What is Pandas Dataframe?
Data can be stored in rows and columns using a two-dimensional data structure called a Pandas dataframe. It is quite helpful for examining data.
Depending on the requirements of your goals and your models when examining your analytics, you might need to drop a particular list of rows when you've got a list of the data recorded in a dataframe.
How to Delete a Row or Column from a Dataframe Using Pandas
Use the drop() function provided in the dataframe to delete a row or column from the dataframe. The documentation for the drop() method is available here.
Axis for Dataframe:
- Axis = 0 is used to indicate rows.
- When indicating columns, use axis=1.
Labels for Dataframe
- By default, the index number, which begins with 0, is used to identify rows.
- Names are used to identify the columns.

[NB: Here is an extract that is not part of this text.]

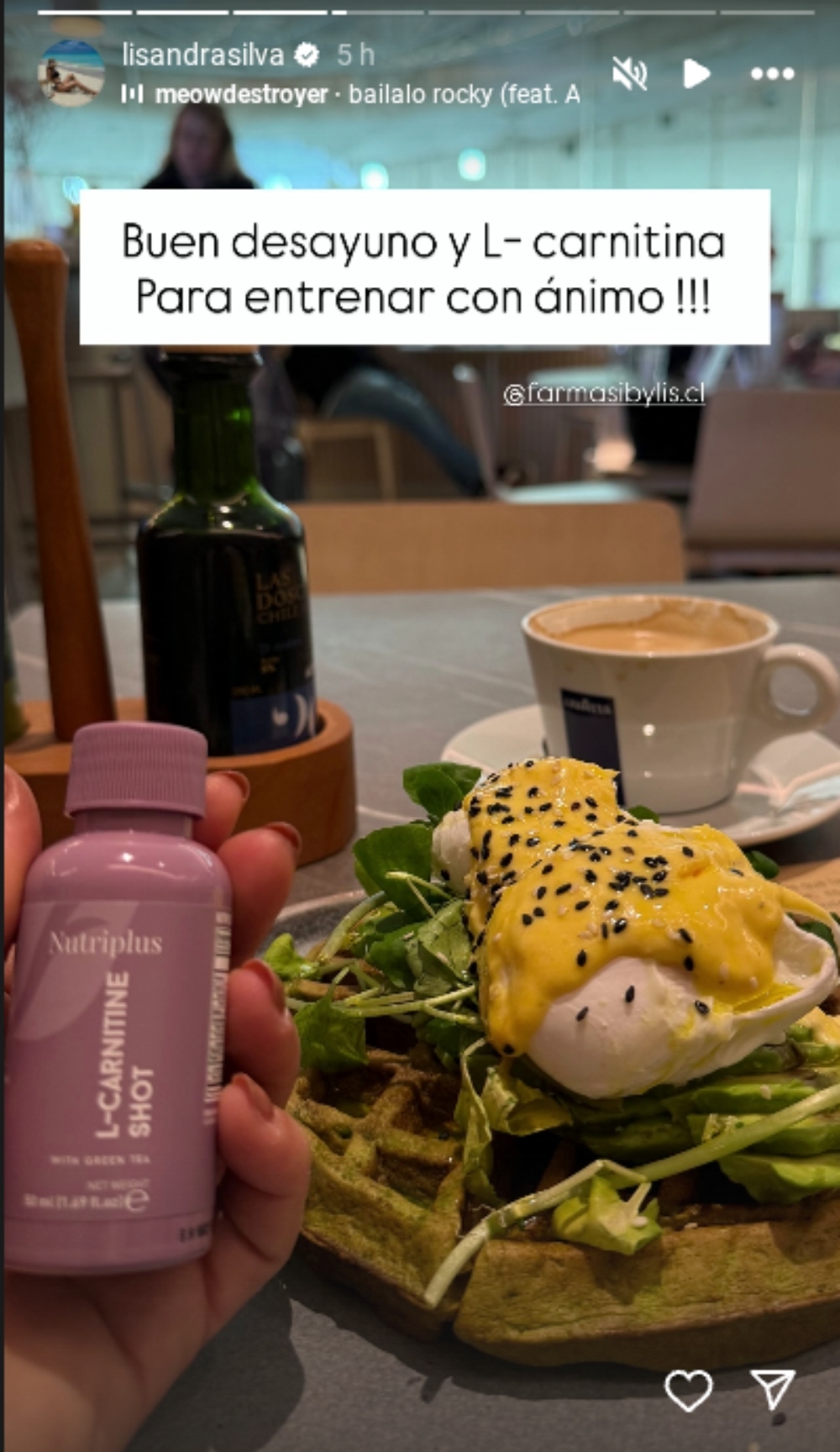 “Buen desayuno y L-Carnitina para entrenar con ánimo”, reveló Lisandra en una historia de Instagram. En la foto que publicó, muestra el envase del suplemento líquido y su comida de la mañana.

Parameters for Drop() function:
- index: The list of removed rows
- axis=0: Indicates in the dataframe which rows should be eliminated.
- Instead of establishing a new dataframe object during deletion operation, the inplace = True option performs the drop operation within the existing dataframe.
Pandas DataFrame Example
The columns product name, Unit__Price, Units_No, Avl_Quantity, and Avl_Since_Date are included in our sample dataframe. Rows with NaN values, which are used to indicate missing values, are also present.
import pandas as pd
Data = {"pd_name":["CPU","Mouse", "Monitor","CPU","Keyboard","Speakers", pd.NaT],
"Unit__Price":[5000.235, 10000.550, 500, 10000.550, 200, 250.50, None],
"Units_No":[5, 20, 5, 20, 10, 8,pd.NaT],
"Avl_Quantity":[7, 10,"Not Available", 8,"Not Available", pd.NaT,pd.NaT],
"Avl_Since_Date":['4/23/2021','11/5/2021','09/18/2021','08/21/2021','09/18/2021','01/05/2021', pd.NaT]
}
df = pd.DataFrame(Data)
print(df)
Output:
pd_name Unit__Price Units_No Avl_Quantity Avl_Since_Date
0 CPU 5000.235 5 7 4/23/2021
1 Mouse 10000.550 20 10 11/5/2021
2 Monitor 500.000 5 Not Available 09/18/2021
3 CPU 10000.550 20 8 08/21/2021
4 Keyboard 200.000 10 Not Available 09/18/2021
5 Speakers 250.500 8 NaT 01/05/2021
6 NaT NaN NaT NaT NaT
And with that, we've finished building our sample dataframe.
Following every drop operation, you'll use df to print the dataframe, which will print it in a standard HTML table format.
To print the dataframe in several visual representations, read about how to Perfectly Print a Dataframe here.
After that, you'll discover many use cases for dropping a list of rows.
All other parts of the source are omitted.